== Requirement ==
Emit a verbatim copy of the lines below from the line with "薄いピンクカラーとアイボリーのボーダー柄セーター。" through the line with "そのテスト合格を目指している", excluding pictures and everything outside that range.

== Data to use ==
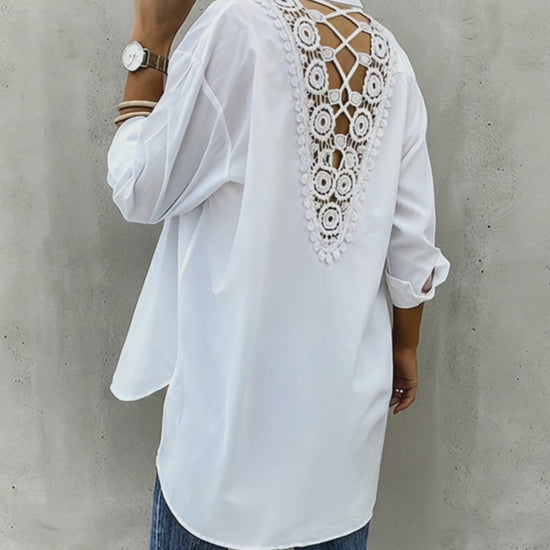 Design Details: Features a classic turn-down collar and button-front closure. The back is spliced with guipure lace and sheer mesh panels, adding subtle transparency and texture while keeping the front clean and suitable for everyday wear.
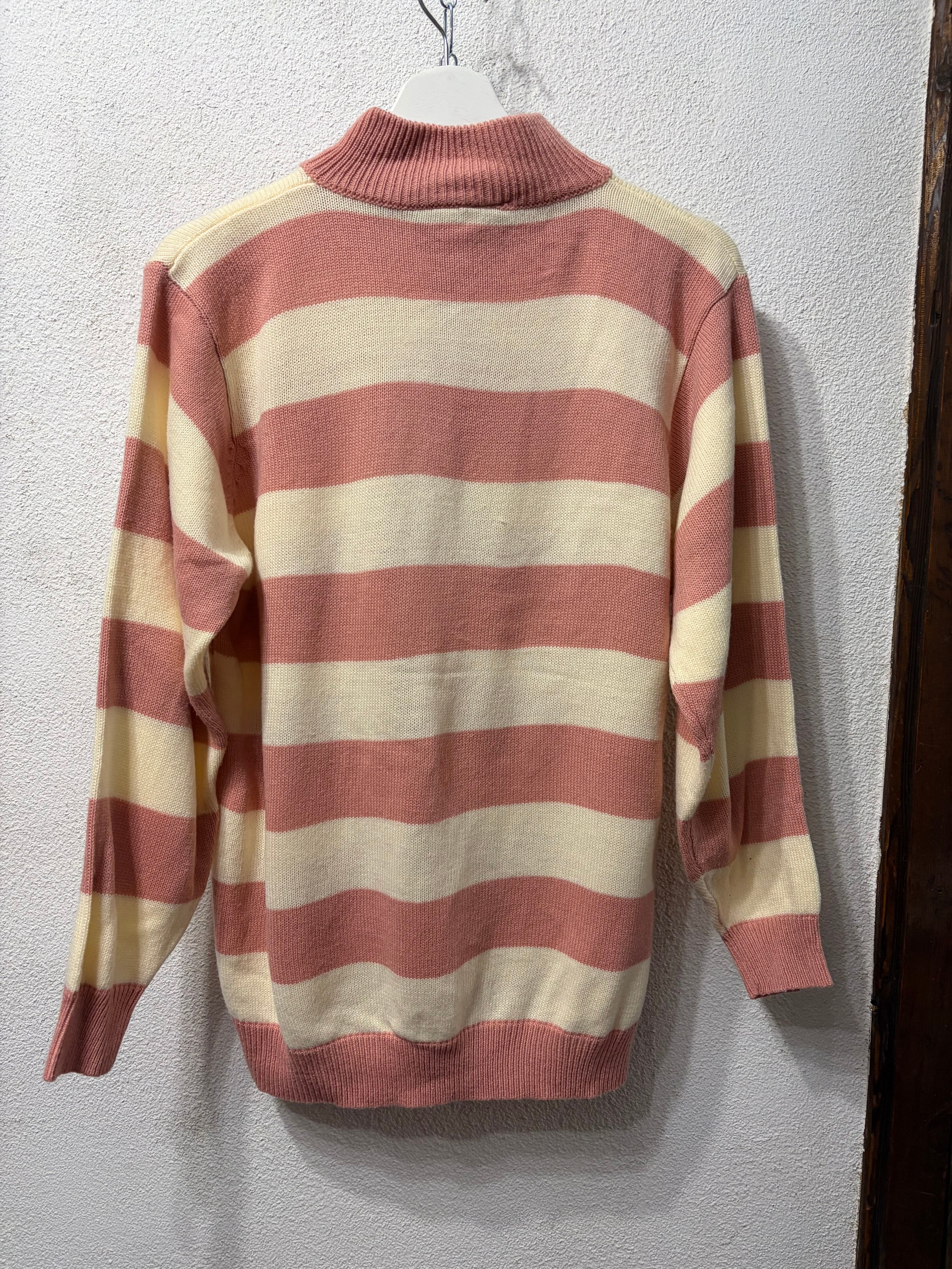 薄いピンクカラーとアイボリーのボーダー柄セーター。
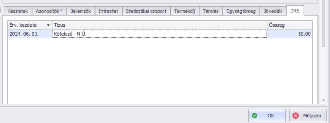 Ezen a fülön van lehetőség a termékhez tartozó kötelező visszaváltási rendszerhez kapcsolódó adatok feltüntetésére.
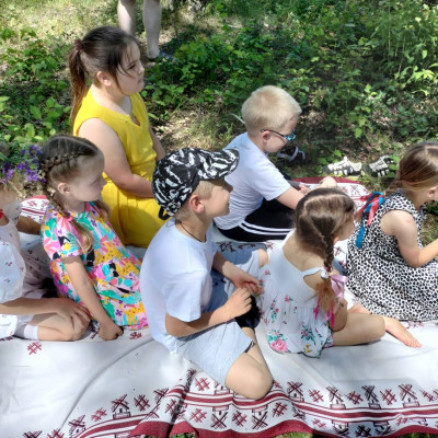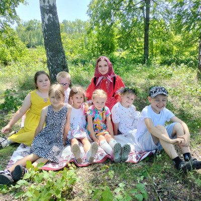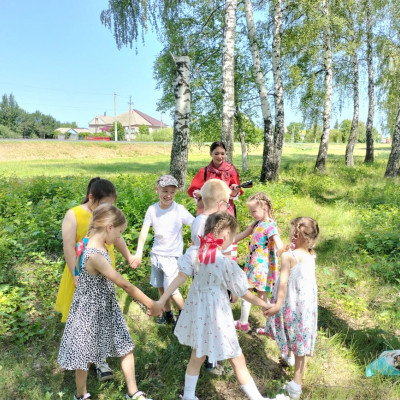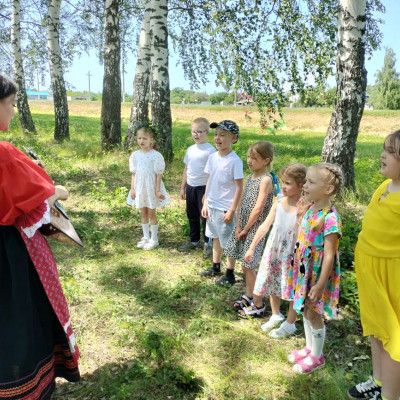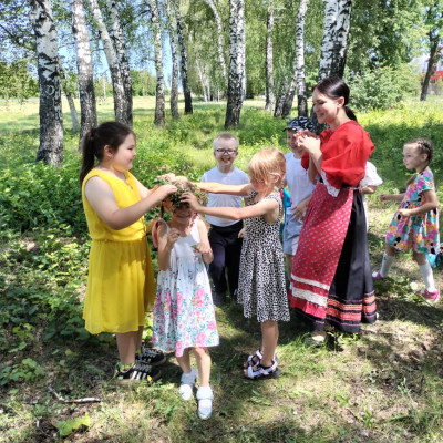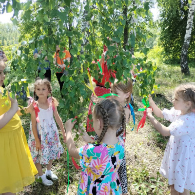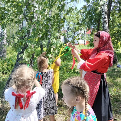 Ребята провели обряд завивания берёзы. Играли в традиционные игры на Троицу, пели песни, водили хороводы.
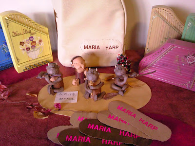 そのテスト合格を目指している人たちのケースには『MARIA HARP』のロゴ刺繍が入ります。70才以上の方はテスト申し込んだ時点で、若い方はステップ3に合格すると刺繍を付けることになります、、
==
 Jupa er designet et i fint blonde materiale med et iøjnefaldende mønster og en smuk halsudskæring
--
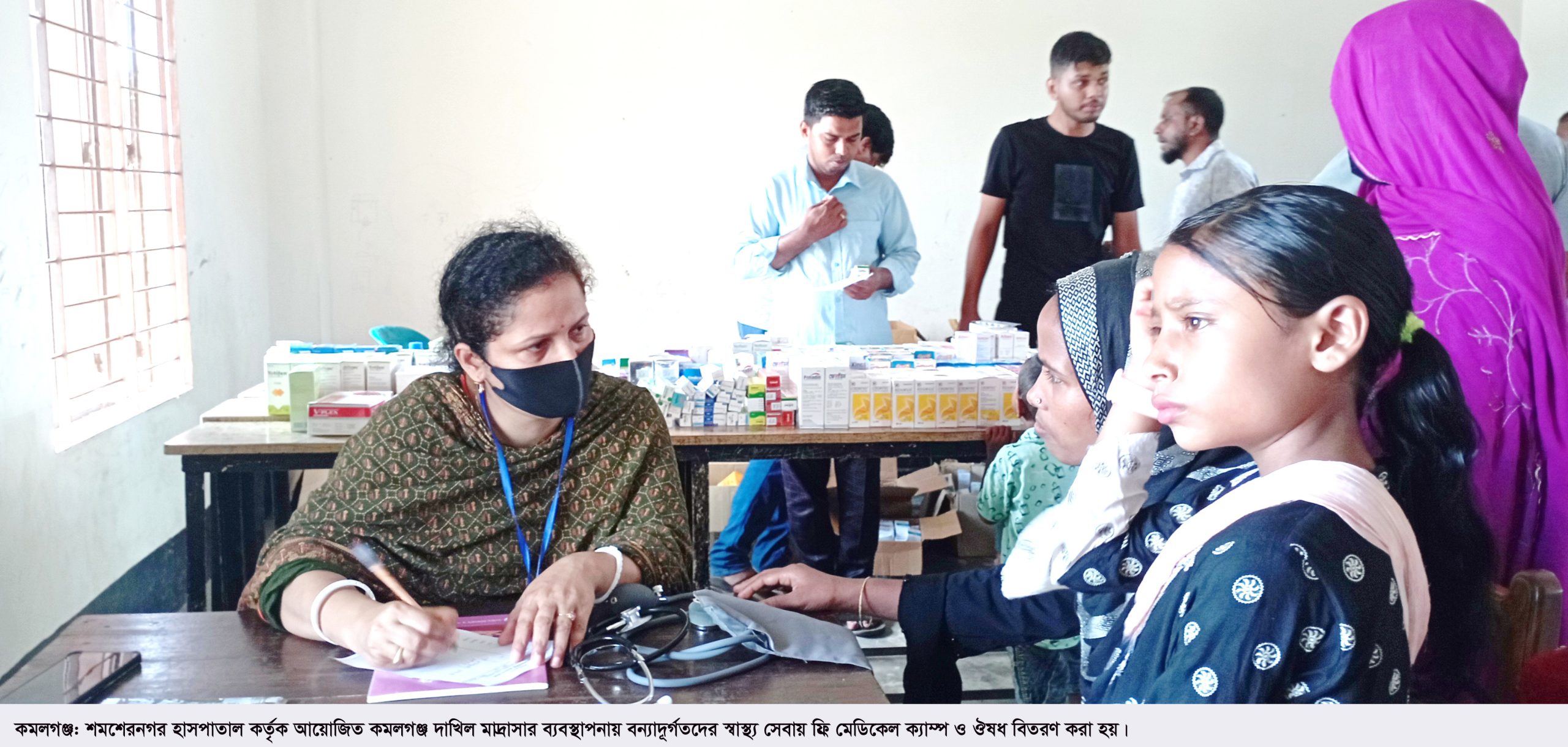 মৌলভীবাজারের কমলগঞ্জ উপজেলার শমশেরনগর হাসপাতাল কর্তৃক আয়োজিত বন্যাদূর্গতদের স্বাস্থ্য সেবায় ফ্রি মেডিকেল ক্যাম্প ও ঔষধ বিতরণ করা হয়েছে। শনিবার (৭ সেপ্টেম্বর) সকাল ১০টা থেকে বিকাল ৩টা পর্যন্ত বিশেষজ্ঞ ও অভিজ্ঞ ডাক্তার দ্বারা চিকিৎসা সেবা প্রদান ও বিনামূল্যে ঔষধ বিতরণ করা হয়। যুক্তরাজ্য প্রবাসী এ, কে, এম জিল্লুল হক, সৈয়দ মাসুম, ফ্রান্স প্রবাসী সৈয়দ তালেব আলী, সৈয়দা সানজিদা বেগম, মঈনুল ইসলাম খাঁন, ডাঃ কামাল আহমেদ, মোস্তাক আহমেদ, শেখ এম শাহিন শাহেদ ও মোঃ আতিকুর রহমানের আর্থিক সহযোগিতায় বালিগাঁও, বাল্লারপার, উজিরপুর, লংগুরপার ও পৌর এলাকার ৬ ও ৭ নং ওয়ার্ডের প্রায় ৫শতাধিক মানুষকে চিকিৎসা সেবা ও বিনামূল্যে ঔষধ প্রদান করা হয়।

== Solution ==
 薄いピンクカラーとアイボリーのボーダー柄セーター。
 Ezen a fülön van lehetőség a termékhez tartozó kötelező visszaváltási rendszerhez kapcsolódó adatok feltüntetésére.
 Ребята провели обряд завивания берёзы. Играли в традиционные игры на Троицу, пели песни, водили хороводы.
 そのテスト合格を目指している人たちのケースには『MARIA HARP』のロゴ刺繍が入ります。70才以上の方はテスト申し込んだ時点で、若い方はステップ3に合格すると刺繍を付けることになります、、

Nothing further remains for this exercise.